LiCamPose: Combining Multi-View LiDAR and RGB Cameras for Robust Single-frame 3D Human Pose Estimation

TL;DR

LiCamPose addresses robust single-frame 3D human pose estimation from multi-view LiDAR and RGB inputs by fusing sparse point clouds with RGB heatmaps in a unified volumetric space. It combines a top-down detection (PointPillars) with a voxel-based fusion network and Soft-argmax for 3D joint estimation, trained via synthetic data from SyncHuman and an unsupervised domain adaptation framework that uses entropy-based pseudo labels and a human-prior loss. The approach achieves competitive MPJPE and PA-MPJPE on Panoptic Studio and BasketBallSync, and demonstrates strong generalization to a real basketball scenario, validating cross-domain transfer in diverse scenes. By providing SyncHuman and an unsupervised training framework, LiCamPose reduces the need for manual 3D pose labels while offering practical multi-modal, multi-view 3D pose estimation capabilities.

Abstract

Several methods have been proposed to estimate 3D human pose from multi-view images, achieving satisfactory performance on public datasets collected under relatively simple conditions.
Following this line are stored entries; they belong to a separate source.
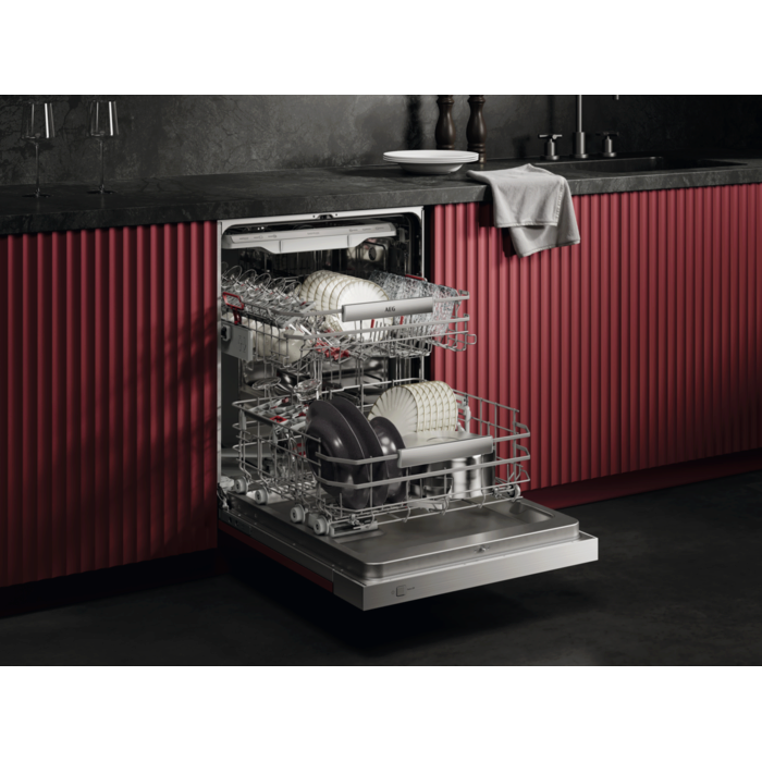 AEG Geschirrspüler der Serie 8000 sorgen für eine kraftvolle Reinigung, selbst bei hartnäckigen Speiserückständen wie Eingebranntem. Die vielseitigen, leichtläufigen Körbe verfügen über klappbare Bereiche und spezielle Glashalterungen. Das hocheffiziente Wassersystem verbraucht nur 8,4 Liter.
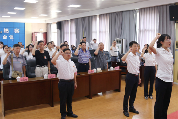 活动在雄壮激昂的《中华人民共和国国歌》声中拉开序幕,全体检察人员整齐肃立,高亢的歌声在会场回荡,激荡着每个人的爱国情怀。随后,在青年党员代表吴凤娇同志的领誓下,全体与会党员面对鲜红的党旗,紧握右拳,庄严地重温了入党誓词,誓言铿锵有力,彰显了党员们的坚定信念和崇高追求。
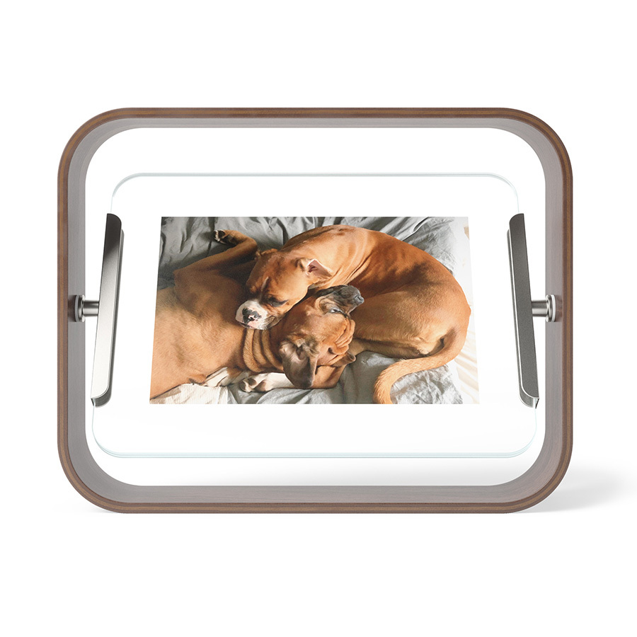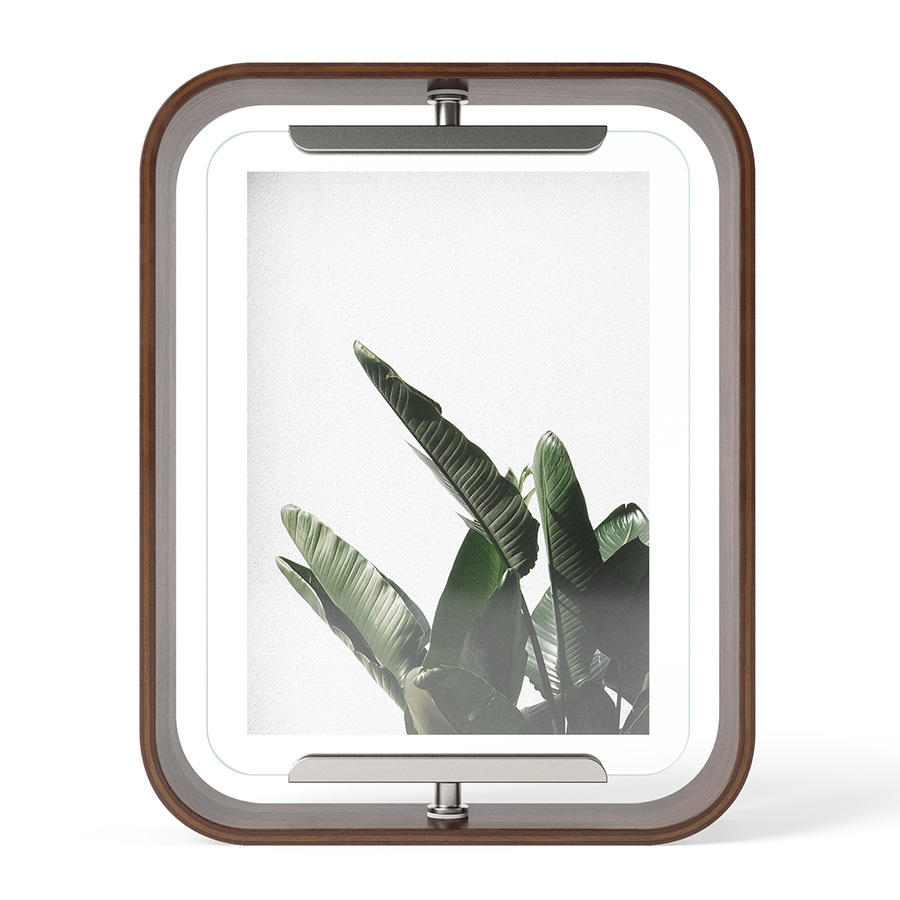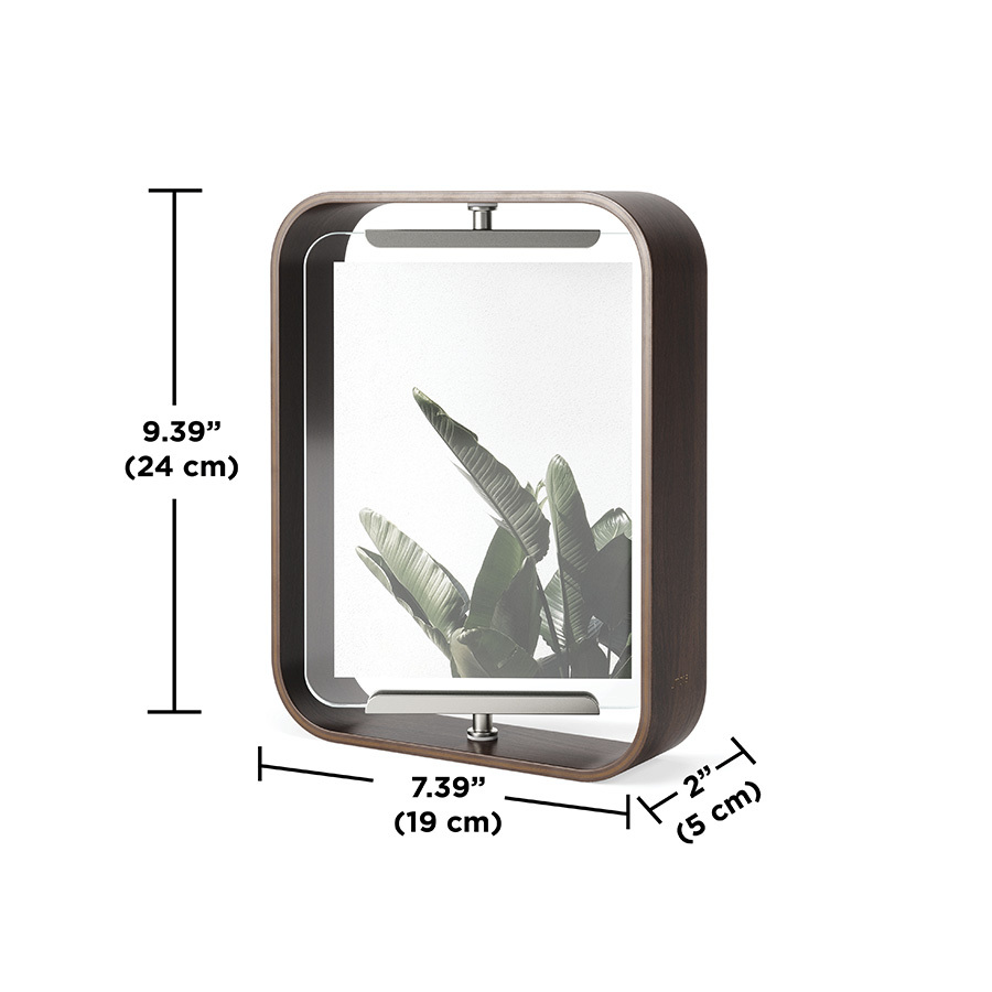 Фоторамка Bellwood добавит природное очарование в любое пространство, будь то жилая комната, кабинет или офис. Центральная часть рамки плавно вращается, что дает возможность демонстрировать поочередно две фотографии. Специальная конструкция позволяет менять параметры ориентации и размещать изображения как в портретном, так и альбомном режиме. Сочетание натуральной древесины и стекла обеспечивает изделию практичность, долговечность и привлекательный вид.
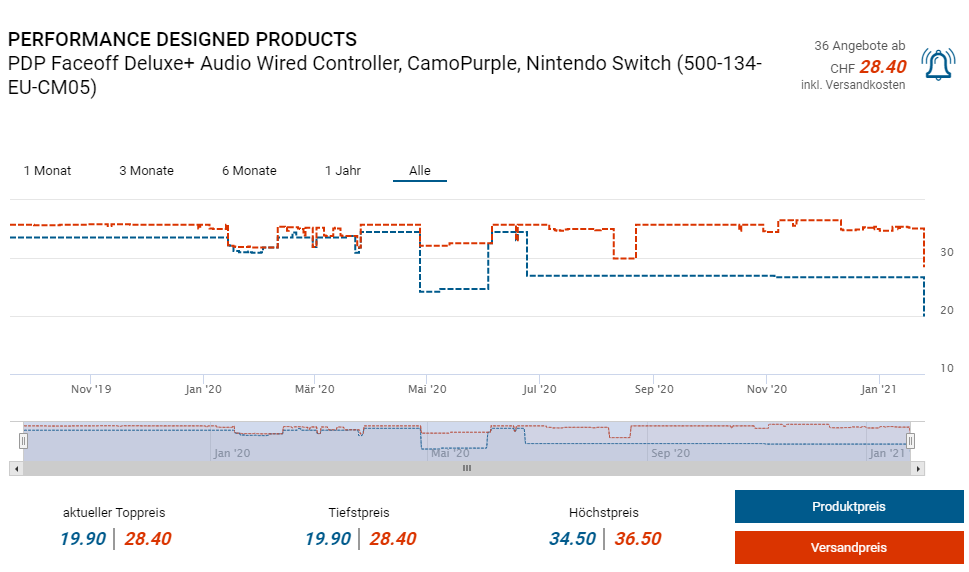 Bei Fust gibts derzeit den Controller mit Kabel Faceoff von PDP zum Aktionspreis von knapp 20 Franken zur Abholung. Bei Versand kommt ihr etwa gleich weg wie wenn ihr von Amazon bestellen würdet, den Schweizer Händlern gegenüber würdet ihr aber dennoch knapp 6 Franken sparen.
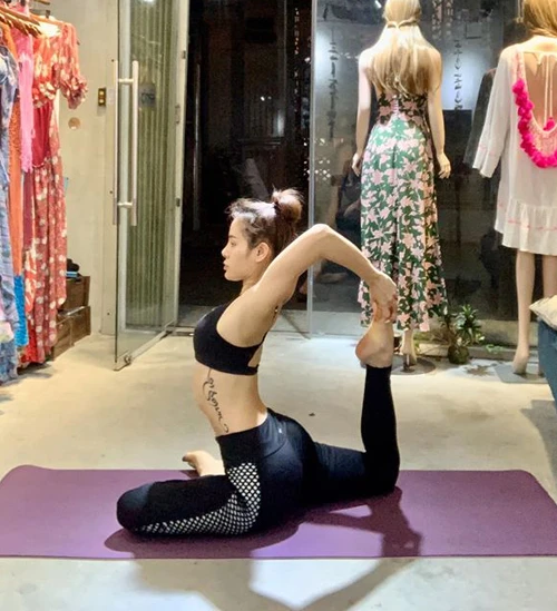 Phương Trinh Jolie tập yoga tại cửa hàng quần áo khi tạm đóng cửa vì dịch.
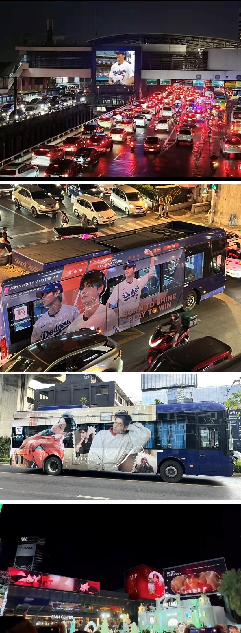 태국에서는 팬베이스 ‘BTSV_TH’가 방콕 시내를 달리는 래핑버스 2대를 한 달간 운행하며 생일 광고를 진행 중이다. 방콕의 랜드마크 시암파라곤에서는 2023년부터 3년 연속 대형 광고가 이어졌고, 교통 요충지 인터체인지 21의 대형 광고판에서도 3년 연속 축하 영상이 송출되고 있다.

However, there are limited approaches studying extracting 3D human skeletons from multimodal inputs, such as RGB and point cloud data. To address this gap, we introduce LiCamPose, a pipeline that integrates multi-view RGB and sparse point cloud information to estimate robust 3D human poses via single frame. We demonstrate the effectiveness of the volumetric architecture in combining these modalities. Furthermore, to circumvent the need for manually labeled 3D human pose annotations, we develop a synthetic dataset generator for pretraining and design an unsupervised domain adaptation strategy to train a 3D human pose estimator without manual annotations. To validate the generalization capability of our method, LiCamPose is evaluated on four datasets, including two public datasets, one synthetic dataset, and one challenging self-collected dataset named BasketBall, covering diverse scenarios. The results demonstrate that LiCamPose exhibits great generalization performance and significant application potential. The code, generator, and datasets will be made available upon acceptance of this paper.

Figures (10)

• Figure 1: The LiCamPose pipeline for extracting 3D poses, as exemplified by the BasketBall dataset, involves pretraining on synthetic data from SyncHuman, followed by detecting and tracking individuals, and finally using unsupervised domain adaptation to estimate poses.
• Figure 2: The detailed structure of LiCamPose in 3D human pose estimation and its corresponding losses calculations.
• Figure 3: Three examples of 3D human pose estimation on MVOR. Blue lines represent predictions, green lines represent ground truth. The first three columns show 2D projections from different views, and the fourth column shows the 3D pose results.
• Figure 4: Qualitative illustration on the BasketBall dataset from different input modalities. The first row shows 2D pose estimations (missing where not estimable) and point clouds. The second row displays results from using only RGB input, with 2D poses projected from the estimated 3D poses. The third row presents results from using both RGB and point cloud inputs.
• Figure 5: Qualitative visualization on BasketBall about different unsupervised training losses. "Baseline" uses only pseudo 2D pose supervision. "Entropy" indicates the addition of entropy-selected pseudo 3D pose supervision. "Prior" denotes the incorporation of human prior loss.